In this article, we’re covering how to implement an image classification model using the standard MNIST dataset. Except in this case, we’ll be training the Core ML model directly on iOS devices, without previous training on other ML frameworks.

The MNIST database of handwritten digits is such a well-known dataset that I don’t really think it needs any introduction for the reader of this story.

Just to very quickly recap, this dataset is commonly used for introducing a specific neural network architecture—the convolutional neural network (CNN), which frequently used in image recognition and object detection domains. It provides 60,000 training and 10,000 testing samples: black and white images, of dimension 28×28, of handwritten digits from 0 to 9.

In the sample project linked at the end of this story, I’ve created an iOS/macOS SwiftUI application written in pure Swift that prepares this dataset, creates a CNN model directly in the app (using the SwiftCoreMLTools library mentioned above), and trains this model with Core ML, feeding it the local batch of prepared data.

LeNet CNN Architecture

The LeNet architecture is an excellent starting point for understanding the details and seeing the benefits of CNNs. The combination of LeNet CNN with the MNIST dataset is such a standard in machine learning “training” that it’s usually considered the “Hello, World” equivalent of deep learning for image classification.
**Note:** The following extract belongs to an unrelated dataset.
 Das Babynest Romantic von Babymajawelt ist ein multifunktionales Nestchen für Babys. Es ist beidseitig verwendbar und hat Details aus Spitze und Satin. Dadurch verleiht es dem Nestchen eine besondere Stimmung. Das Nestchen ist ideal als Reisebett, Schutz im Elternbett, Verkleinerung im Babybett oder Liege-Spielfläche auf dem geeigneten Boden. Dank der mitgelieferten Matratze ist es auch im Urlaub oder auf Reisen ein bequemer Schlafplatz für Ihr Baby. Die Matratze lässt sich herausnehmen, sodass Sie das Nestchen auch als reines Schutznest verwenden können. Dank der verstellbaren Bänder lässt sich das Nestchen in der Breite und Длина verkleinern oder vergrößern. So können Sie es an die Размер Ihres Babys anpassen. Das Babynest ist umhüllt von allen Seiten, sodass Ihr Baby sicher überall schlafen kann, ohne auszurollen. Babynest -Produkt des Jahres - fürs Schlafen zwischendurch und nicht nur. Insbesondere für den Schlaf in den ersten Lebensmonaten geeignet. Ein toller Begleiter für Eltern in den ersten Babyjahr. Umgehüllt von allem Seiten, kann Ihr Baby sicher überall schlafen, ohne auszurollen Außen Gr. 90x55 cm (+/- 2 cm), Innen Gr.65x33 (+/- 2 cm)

It basically consist of two sets of convolutional layers—ReLu activation, and max pooling layers—followed by a fully-connected hidden dense layer, again usually with ReLu activation, and finally at the end another fully-connected dense layer with softmax activation for the classification result.
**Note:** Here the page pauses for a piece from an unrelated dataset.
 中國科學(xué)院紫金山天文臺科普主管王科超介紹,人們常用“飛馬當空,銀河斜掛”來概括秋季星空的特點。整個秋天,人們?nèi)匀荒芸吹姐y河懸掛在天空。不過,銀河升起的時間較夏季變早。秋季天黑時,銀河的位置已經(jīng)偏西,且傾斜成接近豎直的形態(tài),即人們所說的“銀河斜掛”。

In this post, we’ll focus on how to directly build and train a LeNet CNN model for the MNIST dataset in Swift on an iOS device. We’ll then compare it with a classic “Python” approach based on a well-known ML framework such as TensorFlow.

Preparing data in Swift for Core ML training

Before discussing how to create and train the LeNet CNN network in Core ML, let’s see how to first prepare the MNIST training data in order to correctly batch it into the Core ML runtime.
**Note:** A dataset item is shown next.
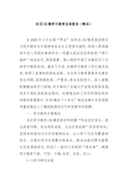 / 【七哥公文】2025年:XX区XX镇学习教育总结报告(精品)+更多免费公文+VX:QiGeGongWen2024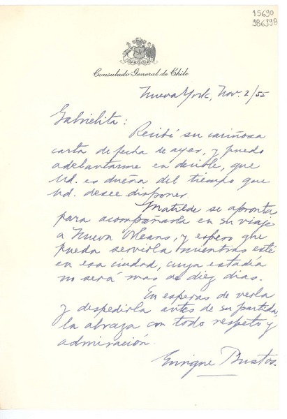 [Carta] 1955 oct. 26, New York, [Estados Unidos] [a] Sr. Enrique Bustos, Cónsul General, Chilean Consulate, 61 Broadway, New York City [manuscrito] Gabriela Mistral.

In previous articles of this series on on-device Core ML training I’ve already covered how to use Core ML’s MLBatchProvider and other APIs to create batches of data.

In the following Swift snippet, the batch of training data is prepared specifically for the MNIST dataset bu simply normalizing the “pixel” values of each image from an original range of 0 to 255, to a more “understandable” range between 0 and 1.

func prepareBatchProvider() -> MLBatchProvider {
    var featureProviders = [MLFeatureProvider]()

    var count = 0
    errno = 0
    let trainFilePath = Bundle.main.url(forResource: "mnist_train", withExtension: "csv")!
    if freopen(trainFilePath.path, "r", stdin) == nil {
        print("error opening file")
    }
    while let line = readLine()?.split(separator: ",") {
        count += 1

        let imageMultiArr = try! MLMultiArray(shape: [1, 28, 28], dataType: .float32)
        let outputMultiArr = try! MLMultiArray(shape: [1], dataType: .int32)

        for r in 0..<28 {
            for c in 0..<28 {
                let i = (r*28)+c
                imageMultiArr[i] = NSNumber(value: Float(String(line[i + 1]))! / Float(255.0))
            }
        }

        outputMultiArr[0] = NSNumber(value: Int(String(line[0]))!)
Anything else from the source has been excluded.